Items from a dataset:
──────
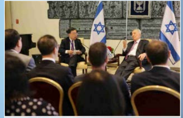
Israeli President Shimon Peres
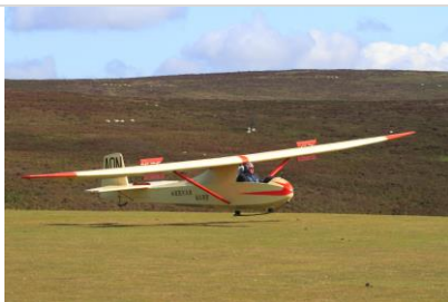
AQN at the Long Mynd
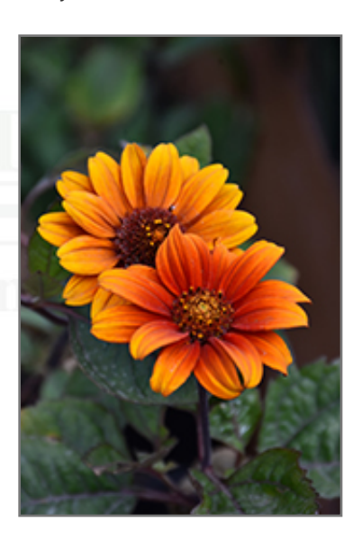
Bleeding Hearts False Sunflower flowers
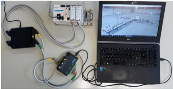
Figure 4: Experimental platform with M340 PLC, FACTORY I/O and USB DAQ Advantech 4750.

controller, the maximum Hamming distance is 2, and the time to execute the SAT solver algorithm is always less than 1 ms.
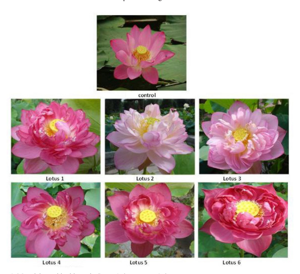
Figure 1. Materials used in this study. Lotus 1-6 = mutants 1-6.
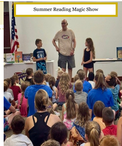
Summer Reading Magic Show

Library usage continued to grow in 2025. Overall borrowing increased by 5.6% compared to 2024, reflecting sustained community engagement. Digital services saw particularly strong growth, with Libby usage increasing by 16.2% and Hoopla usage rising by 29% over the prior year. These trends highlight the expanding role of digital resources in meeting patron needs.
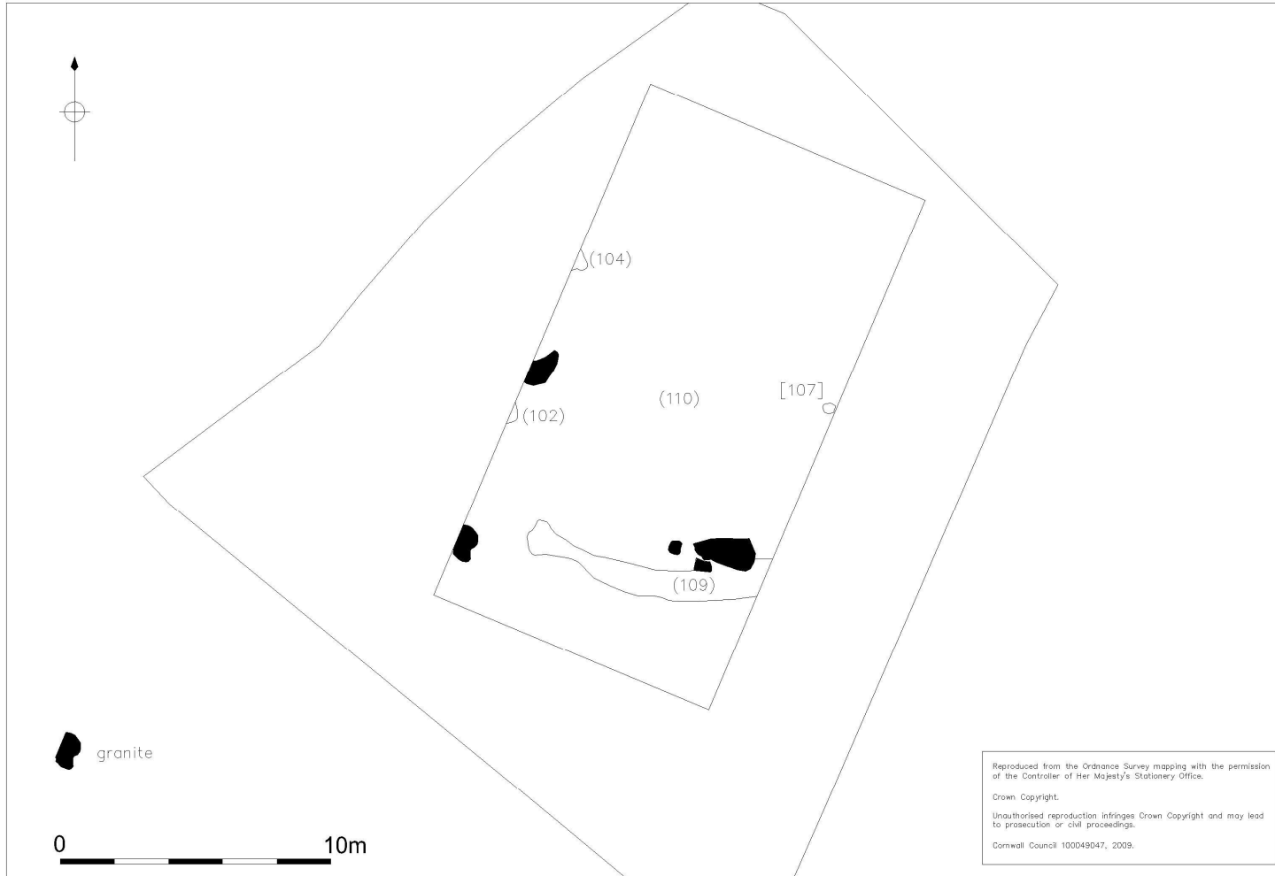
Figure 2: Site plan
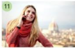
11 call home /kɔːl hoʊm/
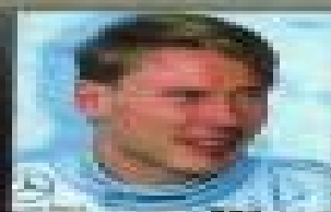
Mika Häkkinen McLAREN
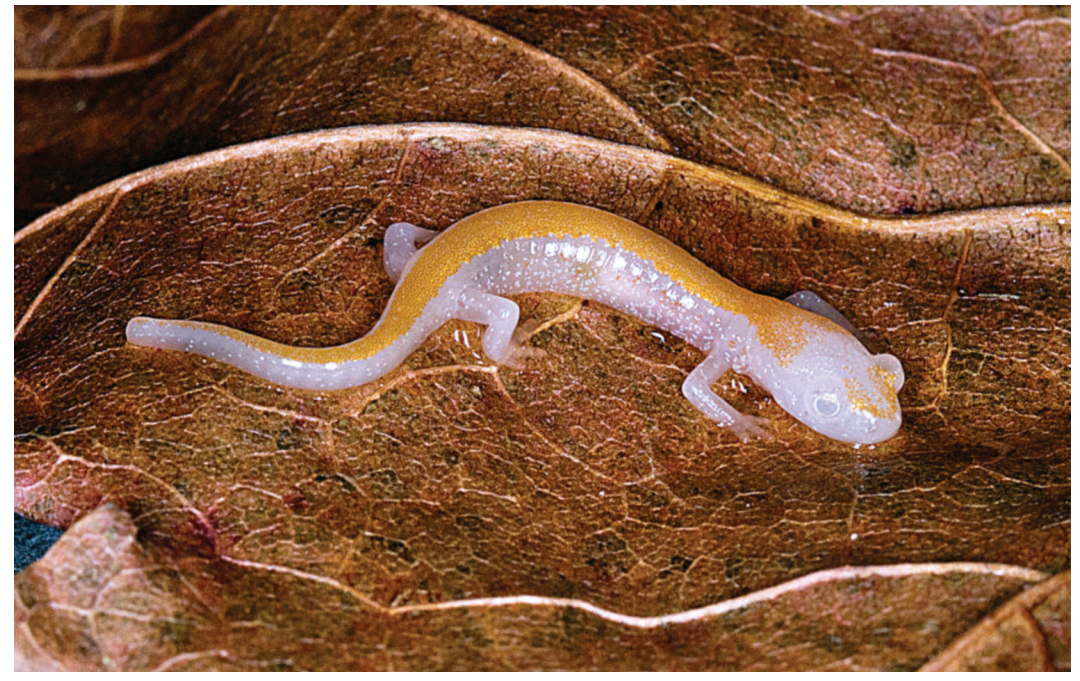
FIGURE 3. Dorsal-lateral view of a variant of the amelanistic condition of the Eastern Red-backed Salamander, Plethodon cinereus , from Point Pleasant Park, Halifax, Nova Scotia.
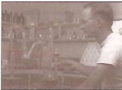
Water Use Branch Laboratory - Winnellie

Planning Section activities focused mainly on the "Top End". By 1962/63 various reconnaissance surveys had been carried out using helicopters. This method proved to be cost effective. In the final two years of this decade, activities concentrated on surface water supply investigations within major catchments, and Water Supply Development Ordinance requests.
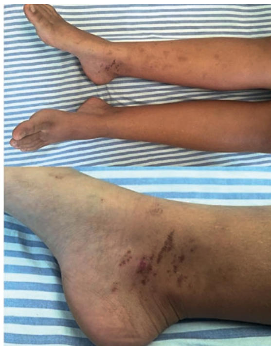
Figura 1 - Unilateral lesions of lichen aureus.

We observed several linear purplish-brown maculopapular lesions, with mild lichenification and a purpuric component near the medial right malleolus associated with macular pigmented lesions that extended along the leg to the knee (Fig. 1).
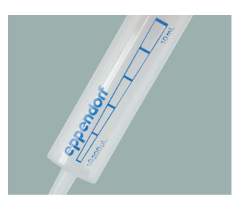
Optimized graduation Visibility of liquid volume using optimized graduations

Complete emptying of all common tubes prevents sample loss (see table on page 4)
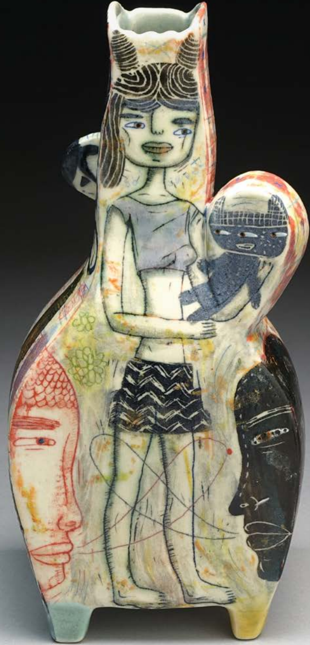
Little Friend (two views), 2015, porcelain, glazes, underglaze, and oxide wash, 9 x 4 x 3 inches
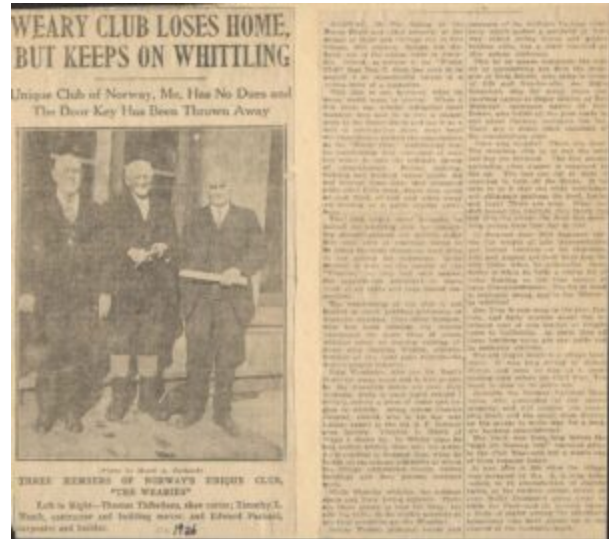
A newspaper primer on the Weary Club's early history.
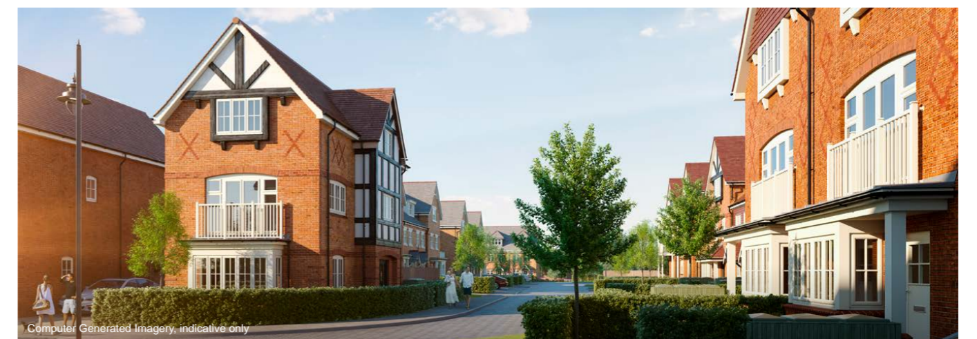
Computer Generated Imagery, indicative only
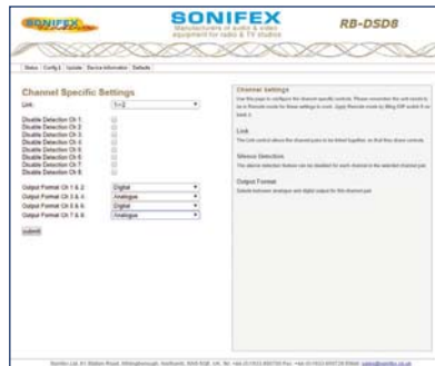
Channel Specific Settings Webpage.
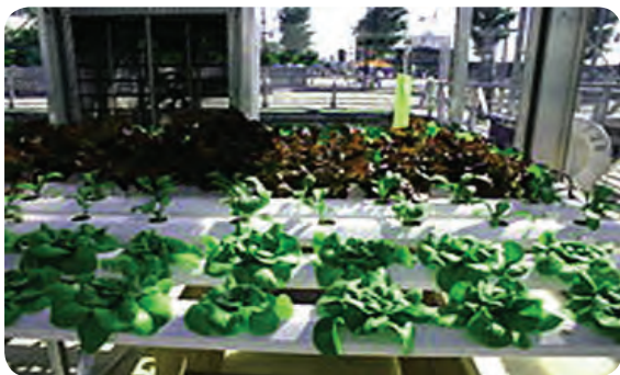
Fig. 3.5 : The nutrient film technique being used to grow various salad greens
──────
WORK INSTRUCTION:
Within the data above, repeat exactly the lines from the one bearing "Water Use Branch Laboratory - Winnellie" through the one bearing "Optimized graduation Visibility". Include no pictures and nothing else.

ANSWER TO THE PROBLEM:
Water Use Branch Laboratory - Winnellie

Planning Section activities focused mainly on the "Top End". By 1962/63 various reconnaissance surveys had been carried out using helicopters. This method proved to be cost effective. In the final two years of this decade, activities concentrated on surface water supply investigations within major catchments, and Water Supply Development Ordinance requests.
Figura 1 - Unilateral lesions of lichen aureus.

We observed several linear purplish-brown maculopapular lesions, with mild lichenification and a purpuric component near the medial right malleolus associated with macular pigmented lesions that extended along the leg to the knee (Fig. 1).
Optimized graduation Visibility of liquid volume using optimized graduations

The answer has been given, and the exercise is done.